Males, Pick-up Truck Occupants Remain at Higher Risk for Traffic Deaths

JEFFERSON CITY, Mo. – Recent statistics from the Missouri Coalition for Roadway Safety show that men make up the majority of the state’s traffic fatalities, often due to a lack of seat belt use, particularly among pickup truck drivers.

Preliminary 2020 data indicates male pickup truck drivers account for 77% of the pickup truck fatalities so far this year. In addition, 83% of the male pickup truck drivers killed were unbuckled.

As a result, the coalition and the Missouri Department of Transportation are stepping up efforts to target messaging and educational resources to males and those driving pickup trucks. Through a new video, the department hopes to encourage buckling up by outlining the consequences of not wearing a seat belt. The department will promote the video, which can be found at, via social media and other avenues.

“We’re working to tailor our safety messages to categories of drivers, such as males and pickup truck occupants, who are at higher risk of losing their lives in a traffic crash,” said Patrick McKenna, MoDOT director. “Despite all that is going on, we can’t lose sight of the fact that a public health crisis is playing out on our state’s highways in the form of traffic fatalities.”

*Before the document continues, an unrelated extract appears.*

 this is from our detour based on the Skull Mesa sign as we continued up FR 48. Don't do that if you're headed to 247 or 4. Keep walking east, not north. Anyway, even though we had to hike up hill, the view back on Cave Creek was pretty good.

Already, 2020 has seen 717 traffic fatalities, an increase of 76 more lives lost compared to the same time last year. Of the vehicle occupants killed in Missouri traffic crashes in 2020, 68% were unbuckled. Based on average survival rates, if everyone involved in these crashes had been buckled, more than 180 people who were killed would still be alive today, according to State Highway Safety and Traffic Engineer Nicole Hood.

“Those 180 fatalities are people someone knew and loved,” Hood said. “Think of the staggering ripple effect those deaths have on those left behind.”

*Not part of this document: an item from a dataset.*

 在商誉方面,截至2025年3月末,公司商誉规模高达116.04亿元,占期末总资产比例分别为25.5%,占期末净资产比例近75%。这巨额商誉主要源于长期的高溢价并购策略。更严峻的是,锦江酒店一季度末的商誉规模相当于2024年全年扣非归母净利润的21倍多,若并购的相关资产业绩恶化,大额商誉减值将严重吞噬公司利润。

As part of the messaging, MoDOT and the coalition continue to promote the state’s successful Buckle Up Phone Down safety initiative, especially among men and truck drivers. The BUPD campaign, which will celebrate its fourth annual Buckle Up Phone Down Day on Oct. 16, tackles two of the most effective actions drivers can take to stay safe when getting behind the wheel – fastening their seatbelts and putting down their cell phones.